### Instructions to follow
Images are to be excluded, and the rest of the data repeated exactly.

[[ Data segment, beginning ]]

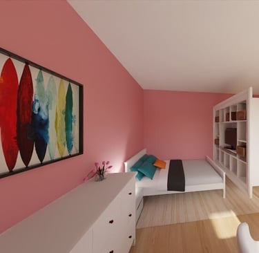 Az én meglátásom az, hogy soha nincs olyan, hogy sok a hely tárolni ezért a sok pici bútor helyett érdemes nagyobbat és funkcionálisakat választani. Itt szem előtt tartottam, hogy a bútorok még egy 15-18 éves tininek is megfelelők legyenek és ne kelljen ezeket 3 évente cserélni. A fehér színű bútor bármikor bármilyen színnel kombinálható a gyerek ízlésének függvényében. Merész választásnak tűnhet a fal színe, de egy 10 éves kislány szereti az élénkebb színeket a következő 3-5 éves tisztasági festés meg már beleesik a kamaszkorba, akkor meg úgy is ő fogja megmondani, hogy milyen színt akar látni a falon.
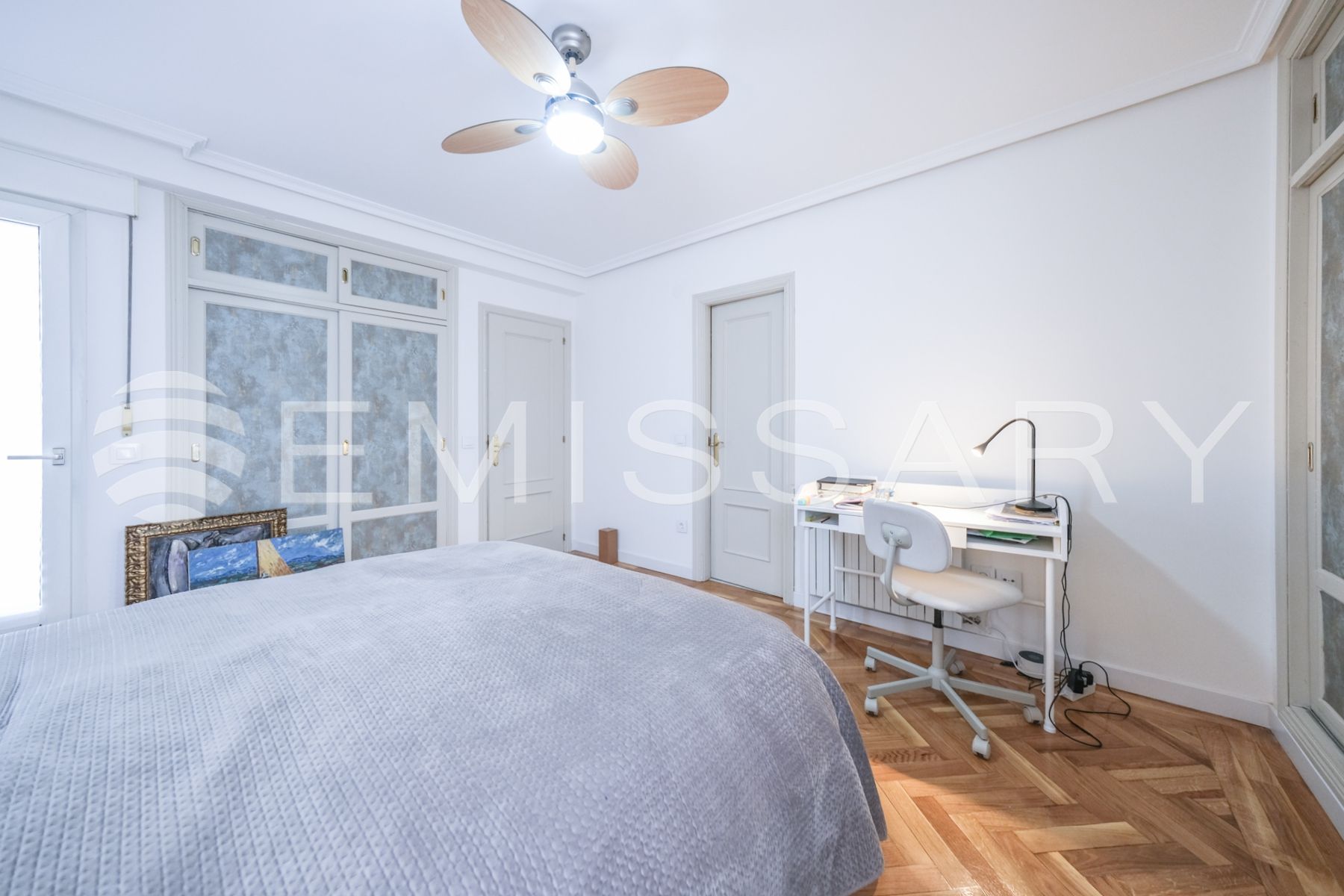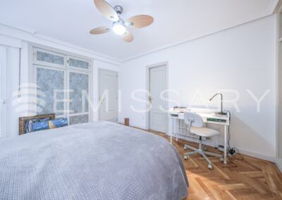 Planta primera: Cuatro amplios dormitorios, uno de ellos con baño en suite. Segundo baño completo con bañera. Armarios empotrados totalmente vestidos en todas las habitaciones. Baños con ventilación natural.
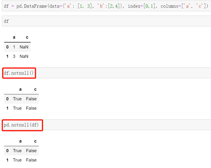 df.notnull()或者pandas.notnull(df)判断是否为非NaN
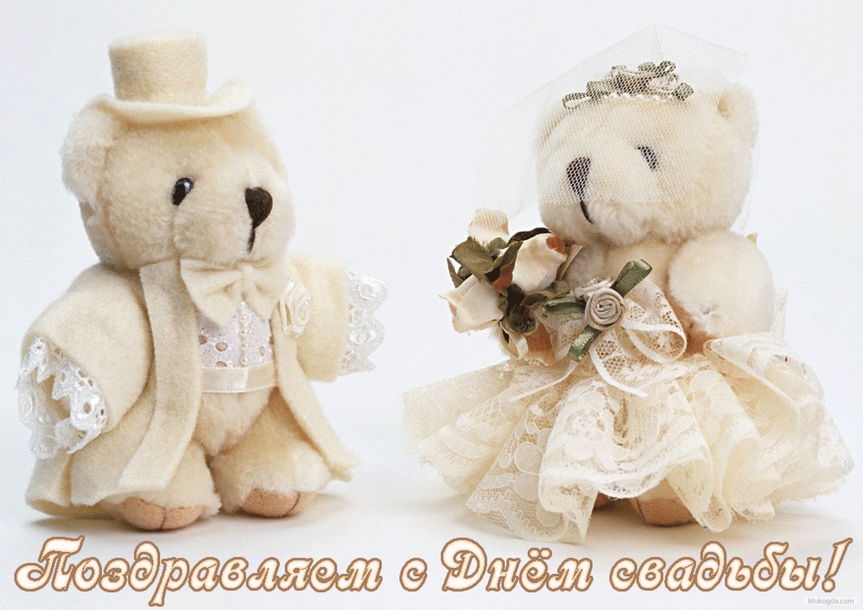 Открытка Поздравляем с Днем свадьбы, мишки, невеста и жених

[[ Data segment, end ]]

### Written solution
 Az én meglátásom az, hogy soha nincs olyan, hogy sok a hely tárolni ezért a sok pici bútor helyett érdemes nagyobbat és funkcionálisakat választani. Itt szem előtt tartottam, hogy a bútorok még egy 15-18 éves tininek is megfelelők legyenek és ne kelljen ezeket 3 évente cserélni. A fehér színű bútor bármikor bármilyen színnel kombinálható a gyerek ízlésének függvényében. Merész választásnak tűnhet a fal színe, de egy 10 éves kislány szereti az élénkebb színeket a következő 3-5 éves tisztasági festés meg már beleesik a kamaszkorba, akkor meg úgy is ő fogja megmondani, hogy milyen színt akar látni a falon.
 Planta primera: Cuatro amplios dormitorios, uno de ellos con baño en suite. Segundo baño completo con bañera. Armarios empotrados totalmente vestidos en todas las habitaciones. Baños con ventilación natural.
 df.notnull()或者pandas.notnull(df)判断是否为非NaN
 Открытка Поздравляем с Днем свадьбы, мишки, невеста и жених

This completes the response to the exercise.